Falando aos devotos do cercadinho do Alvorada sobre vacinas, Bolsonaro declarou: "Se tiver um efeito colateral ou um problema qualquer, já sabem que não vão poder cobrar de mim." Um presidente convencional diria algo assim: "O brasileiro deve ficar tranquilo, porque meu governo está agindo para prover vacinas rapidamente. E a Anvisa zelará para que elas sejam seguras e eficazes."

O país precisa de reformas econômicas? Bolsonaro diz que o governo já fez a sua parte. E transfere a responsabilidade para o Congresso. A ausência de vacina impõe a tática do isolamento social? O presidente se apressa em dizer que governadores e prefeitos terão de responder pelo tombo na economia. Chegou a hora da vacinação? Bolsonaro se auto-converte em garoto-propaganda do direito de não se vacinar. E passa a trombetear o risco de efeitos colaterais.

Se Bolsonaro estivesse certo na sua aversão à necessidade de assumir responsabilidades, ele seria um candidato imbatível não à reeleição, mas ao posto de gênio da humanidade. Se estiver errado, como a derrota de Donald Trump nos Estados Unidos faz supor, corre o risco de cair na sua própria armadilha.

Na próxima semana, os brasileiros assistirão pela TV ao início da vacinação dos ingleses. Na sequência, os telejornais exibirão franceses e alemães na fila da vacina. São Paulo diz que suas vacinas, uma vez certificadas pela Anvisa, começarão a ser aplicadas em janeiro. O governo federal prevê que não terá imunizantes a oferecer antes de março.
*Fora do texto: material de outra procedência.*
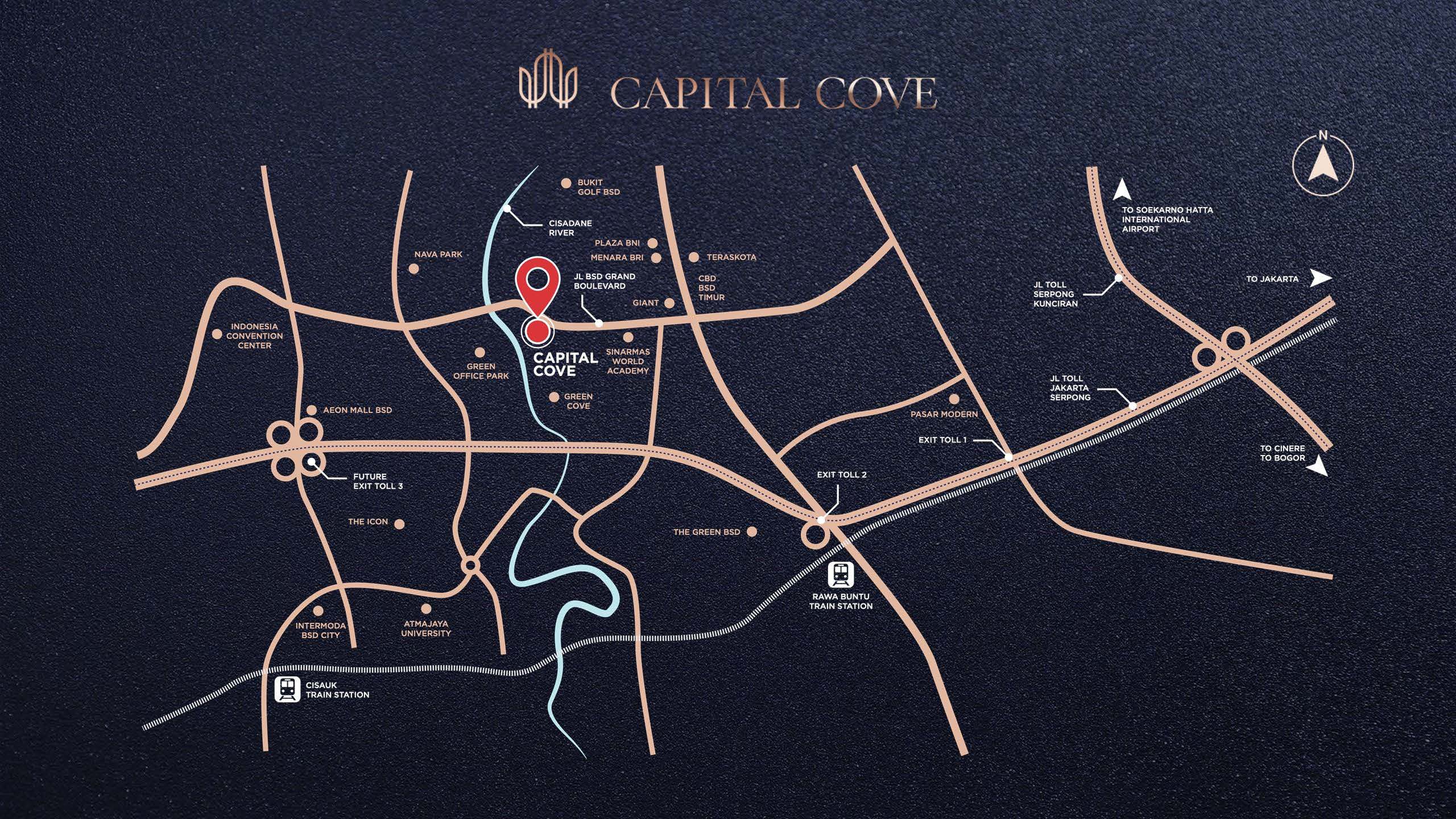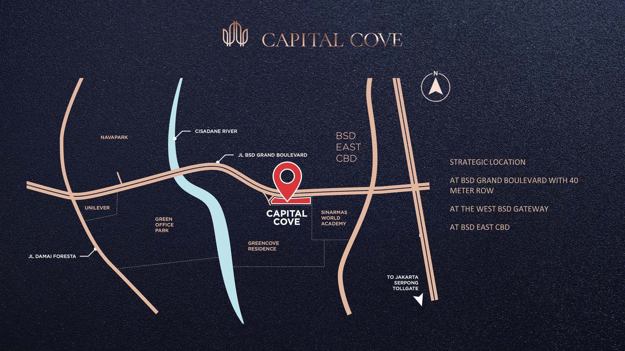 Office building Capital Cove BSD City berada dilokasi strategis yaitu di Jln. BSD Grand Boulevard. Tepatnya berada didepan cluster Green Cove BSD City. Lokasi ini terbilang dilokasi utama BSD City Serpong Tangerang.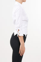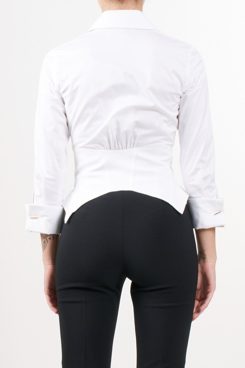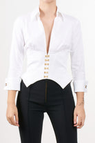 Stretch cotton shirt with a fitted cut, enhanced by a bustier construction that sculpts the silhouette. The V-neckline features three-quarter sleeves finished with logo cufflinks and a front closure with gold hooks. Slim fit.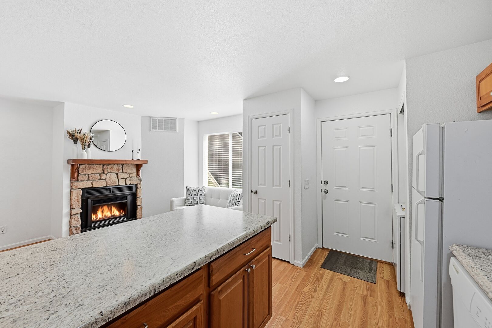 Baseboards Wall, Drywall, Fireplace, Kitchen Bar, Kitchen Peninsula, Laundry, Medium Brown Cabinets, Natural Light, Opens To Living Area, Raised Cabinets, Recessed Lighting, Stone Countertops, Textured Ceiling, U Shaped Kitchen, Vent, Wood Finish Floor, Baseboards Wall, Kitchen Peninsula, Opens To Living Area, Wood Finish Floor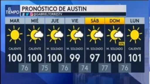 Prepárese para una semana muy calurosa en el área de cobertura, para este martes en la capital texana se espera una máxima de 100 grados Fahrenheit.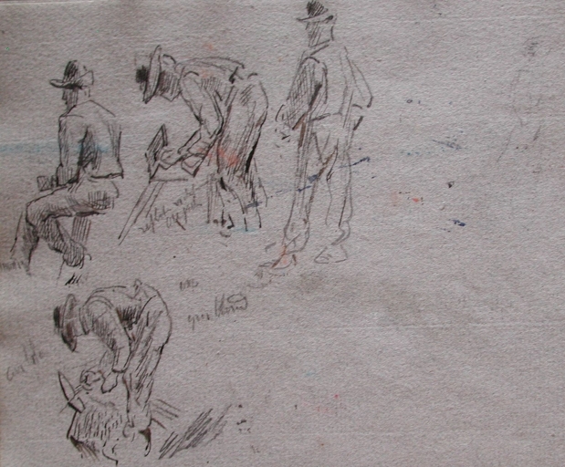 Dessin de L.M. Faudacq, fin 19ème siècle : posture d'un carrier utilisant un têtu (L.M. Faudacq, collection particulière)Immatriculation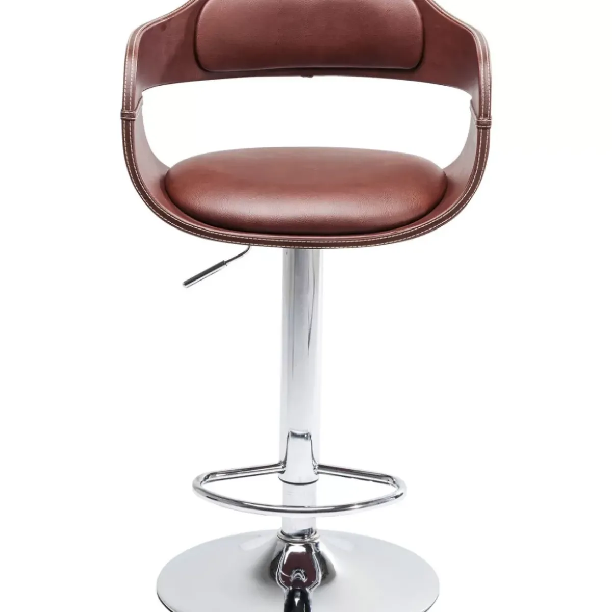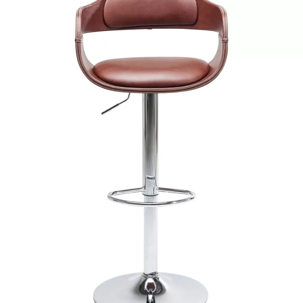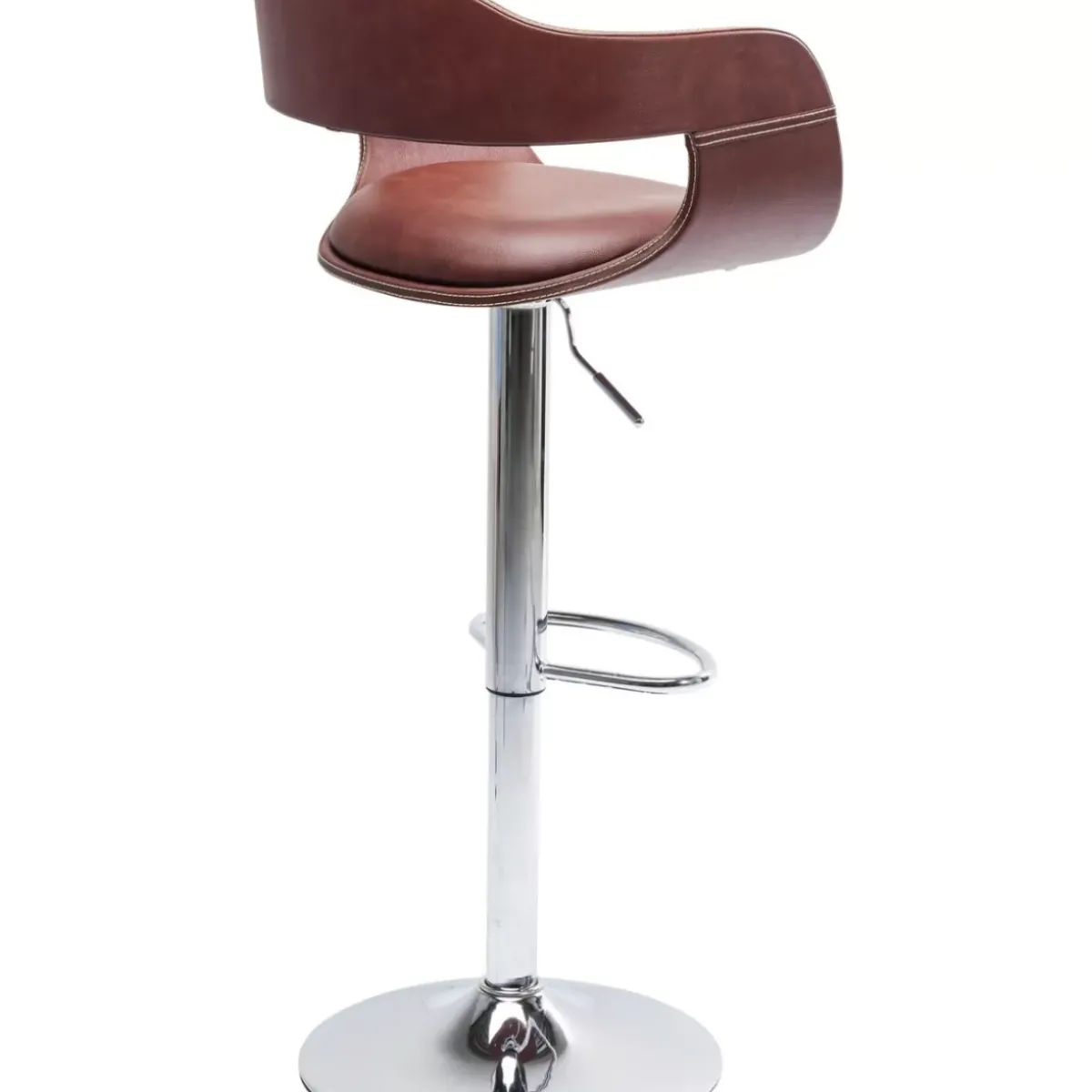 - Hohenverstellbarer Barhocker Mit Rundem,Chromfarbenem Stahl-Fus,Nougatfarbenem Bezug Im Vintage-Leder-Look Und Einer Fusstutze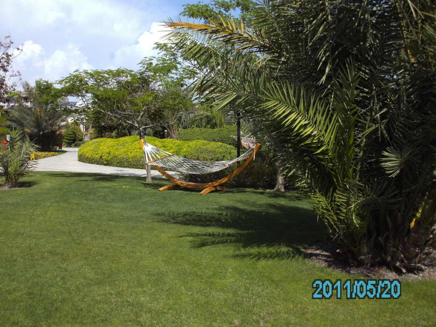 Tuin met heel veel hangmatten
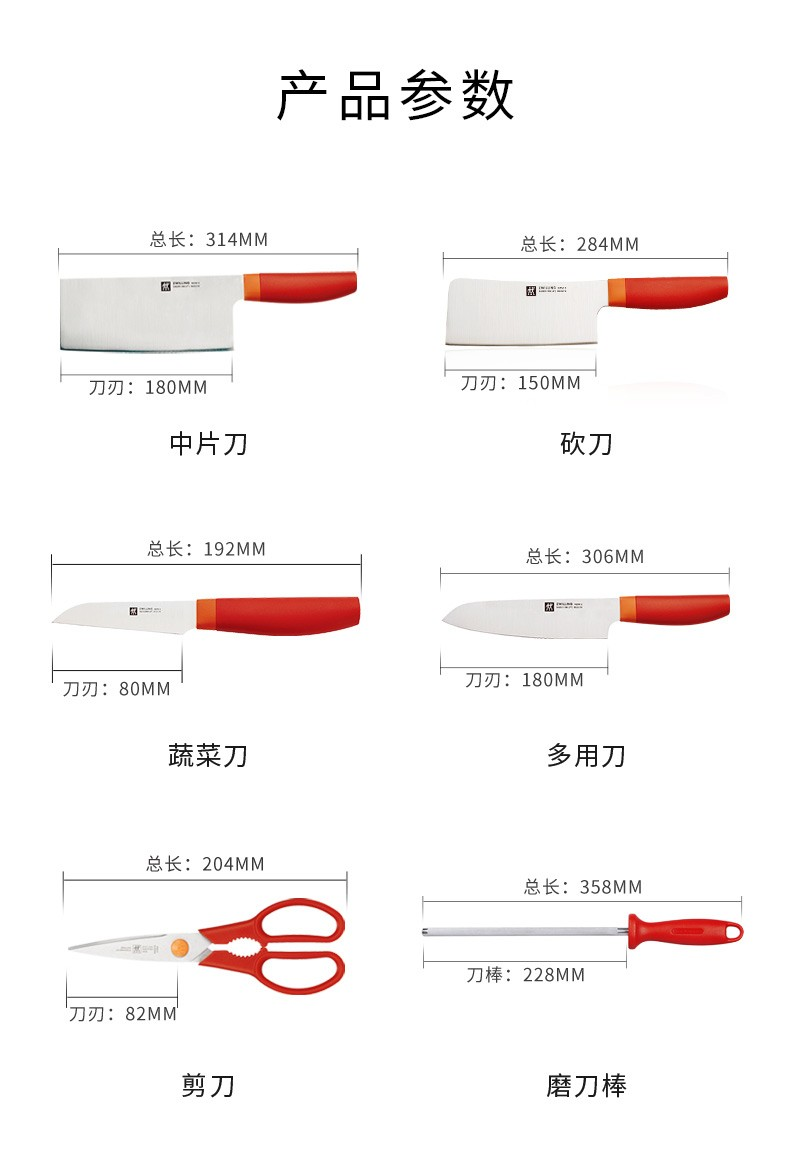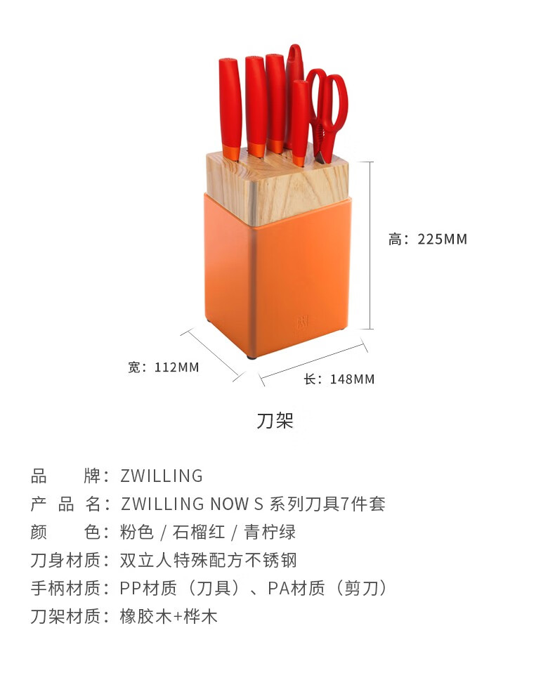 商品名称:德国双立人NOW S刀具套装7件套 54350-007-722(石榴红)/ 54370-007-722(青柠)// 54340-007-722(粉色)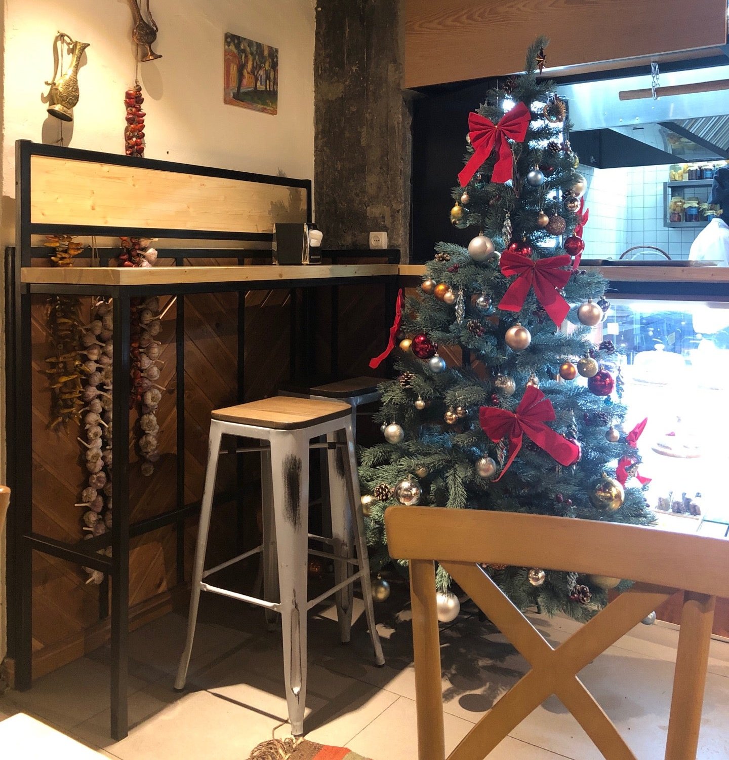 Демократичные цены, скромный интерьер, вкусная еда и домашнее вино. Самообслуживание.

Bolsonaro imagina que desestimula a vacinação com suas declarações anti-vacina. Na verdade, seu lero-lero tóxico pode acabar provocando um benfazejo efeito colateral: um clamor pela vacina. O presidente pode ter de fazer por pressão o que proibiu o ministro Eduardo Pazuello (Saúde) de fazer por opção quando firmou convenio com o Butantan para a compra de milhões de doses da CoronaVac, a "vacina chinesa do João Doria."